▶ [Exercise prompt] Strip the pictures and reproduce the rest of the listing exactly.

▶ [Source material]

═══

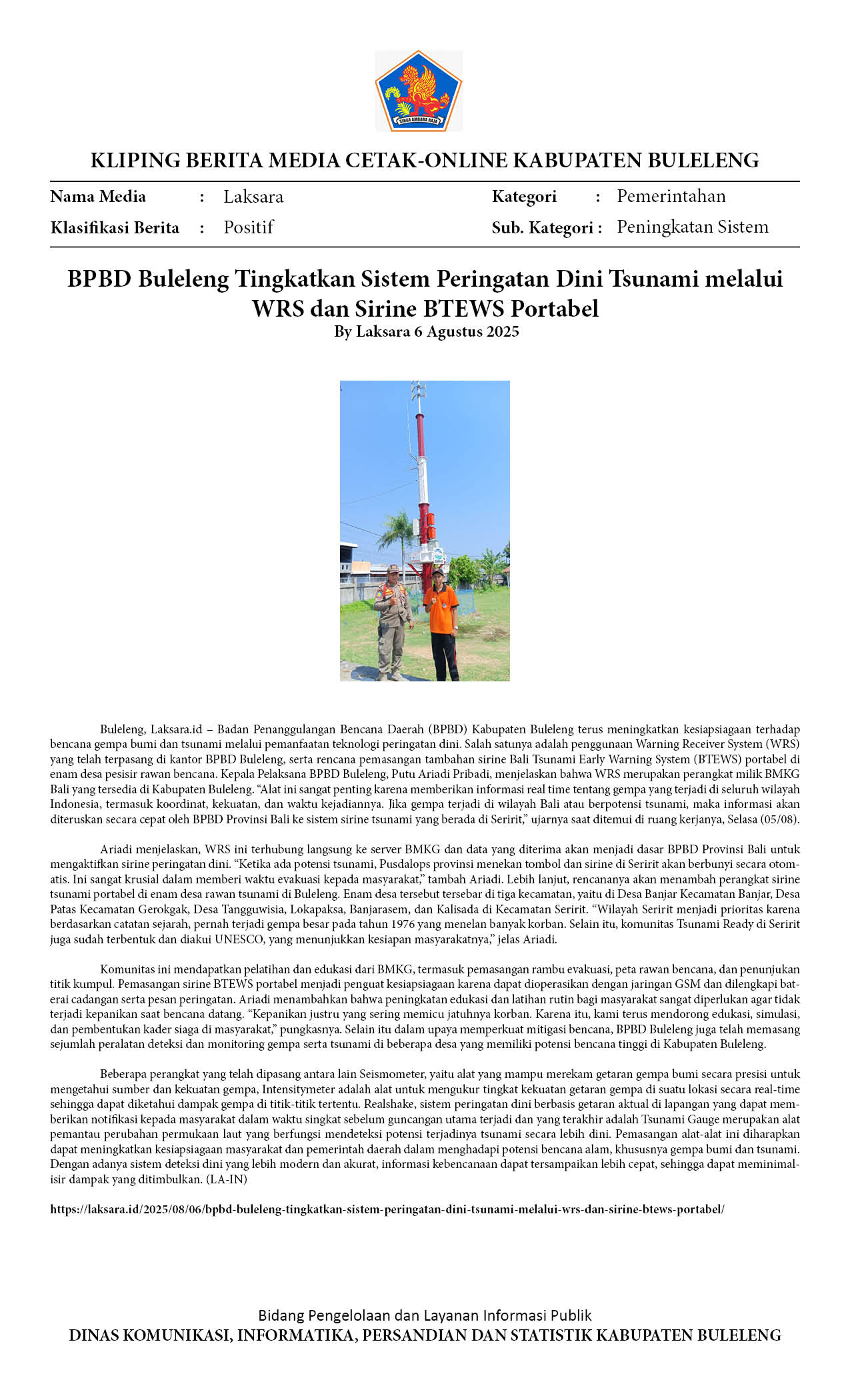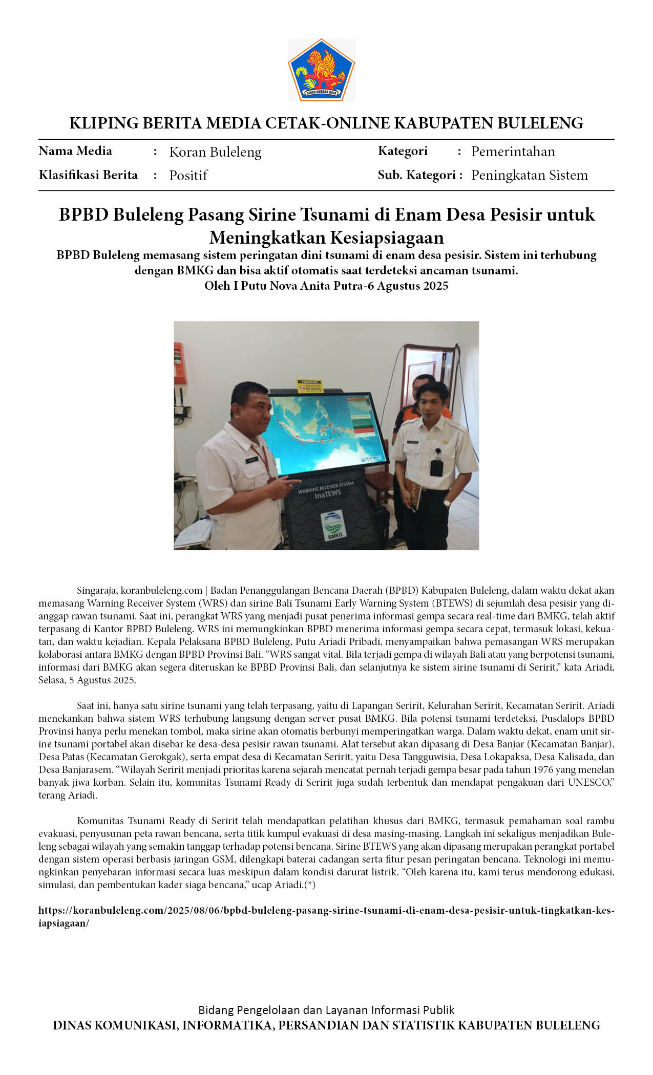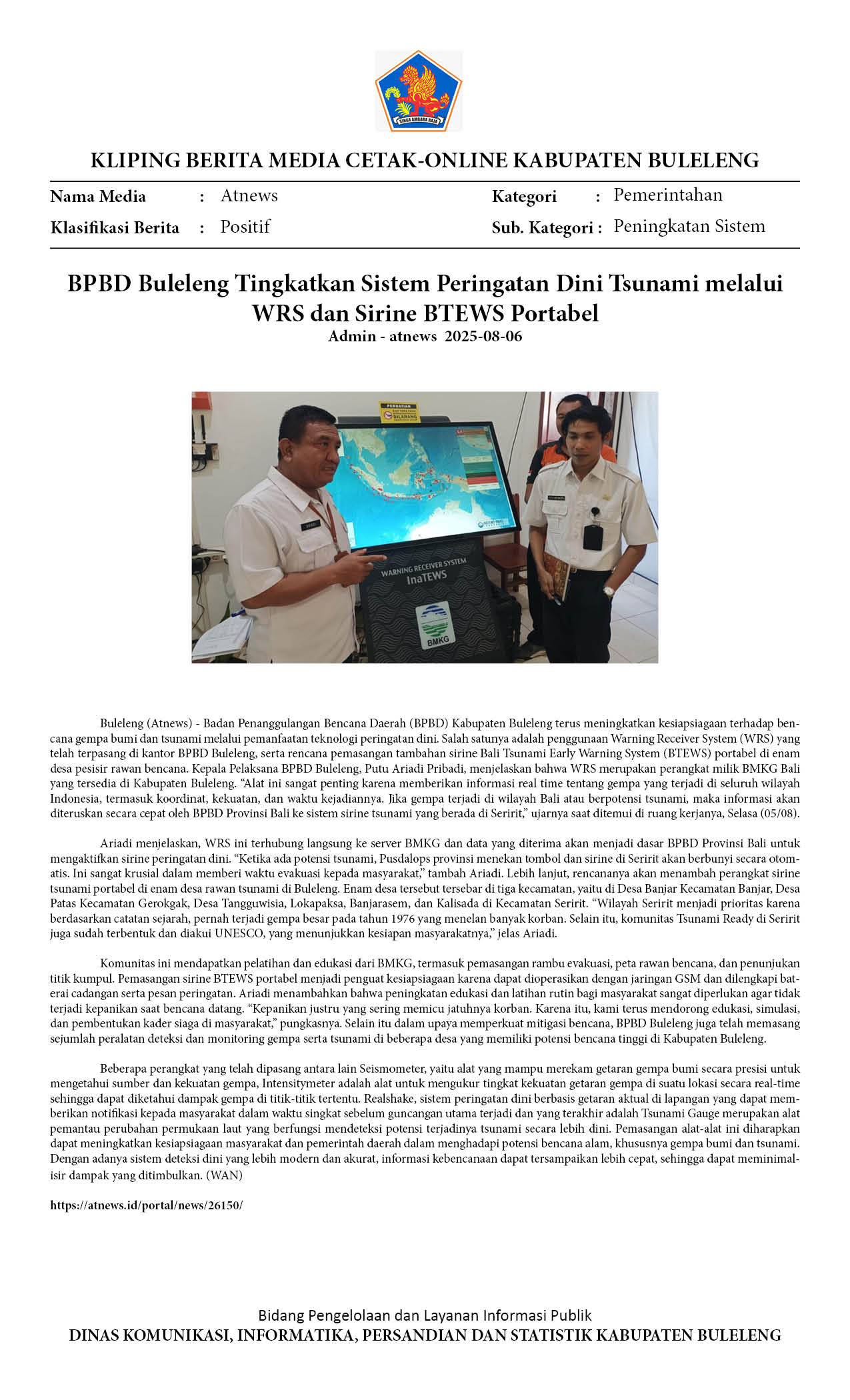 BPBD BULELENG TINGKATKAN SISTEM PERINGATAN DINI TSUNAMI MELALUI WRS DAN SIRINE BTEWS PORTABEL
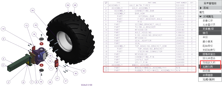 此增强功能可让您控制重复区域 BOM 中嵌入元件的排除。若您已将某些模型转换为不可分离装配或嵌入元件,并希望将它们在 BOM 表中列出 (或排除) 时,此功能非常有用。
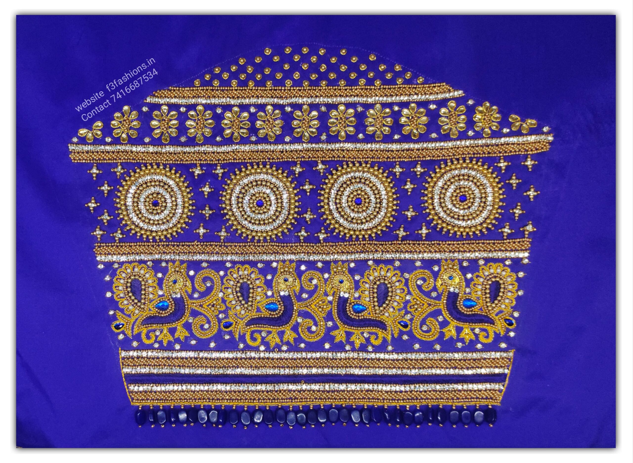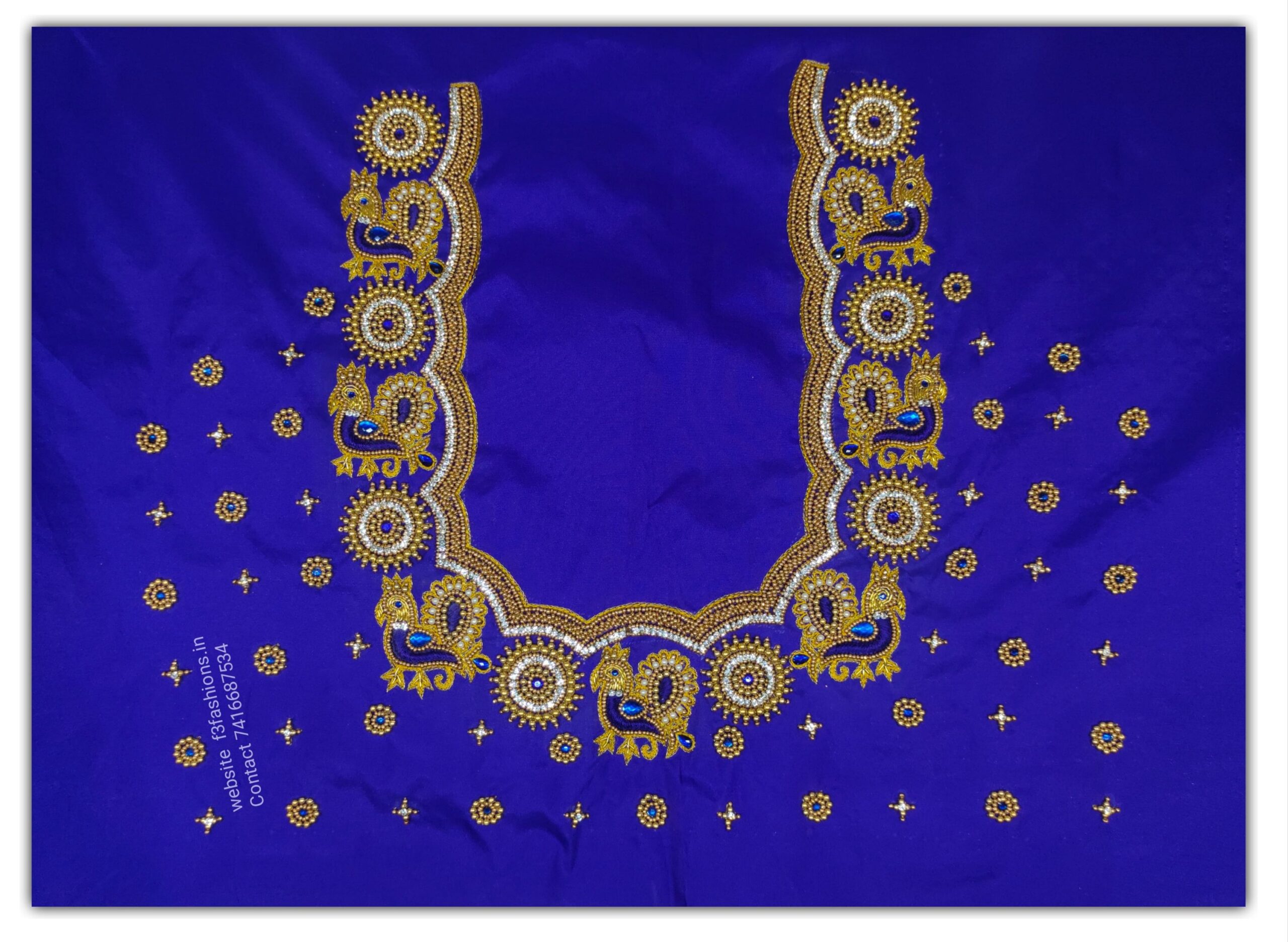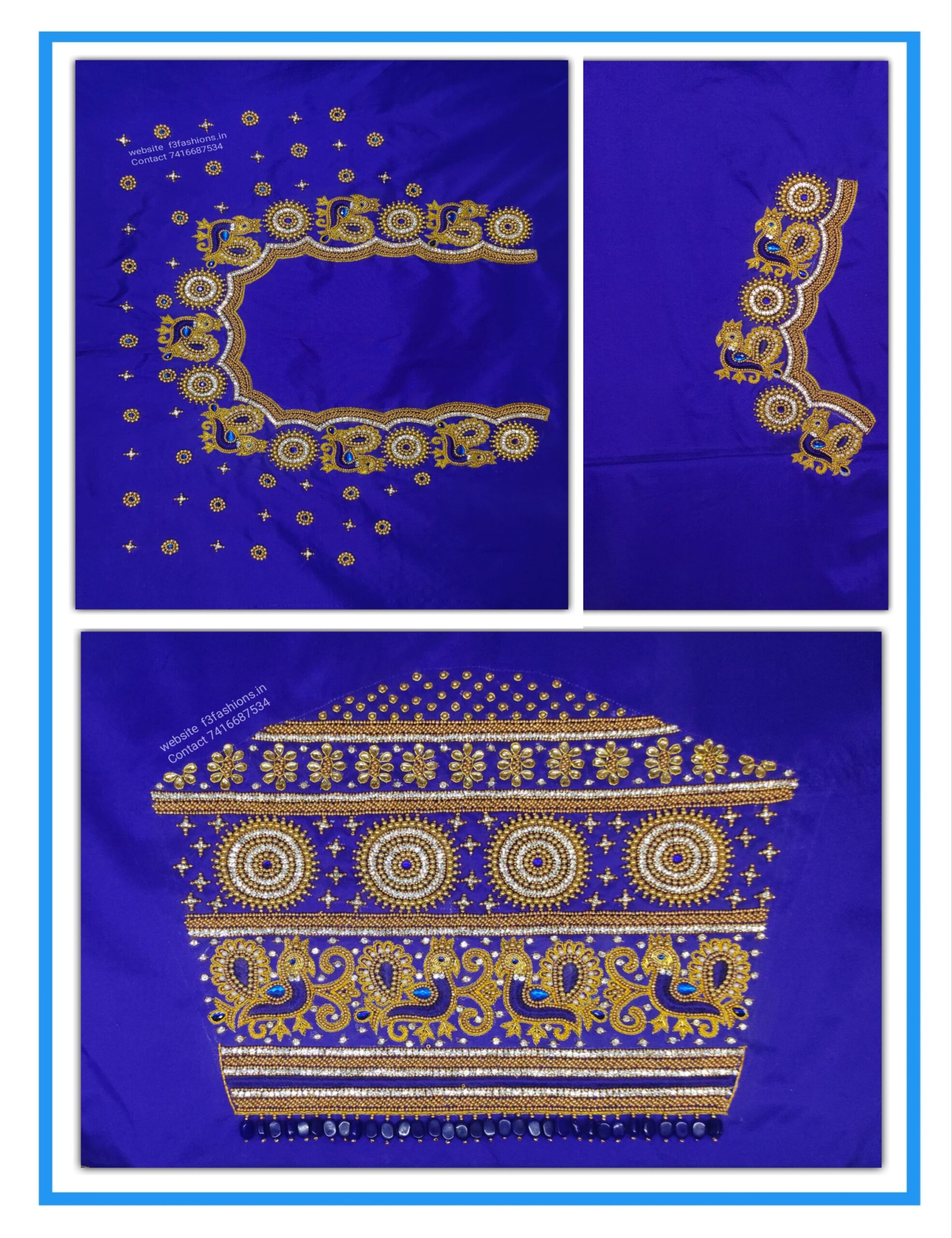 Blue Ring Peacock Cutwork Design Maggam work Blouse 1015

═══

▶ [Output of the task]
 BPBD BULELENG TINGKATKAN SISTEM PERINGATAN DINI TSUNAMI MELALUI WRS DAN SIRINE BTEWS PORTABEL
 此增强功能可让您控制重复区域 BOM 中嵌入元件的排除。若您已将某些模型转换为不可分离装配或嵌入元件,并希望将它们在 BOM 表中列出 (或排除) 时,此功能非常有用。
 Blue Ring Peacock Cutwork Design Maggam work Blouse 1015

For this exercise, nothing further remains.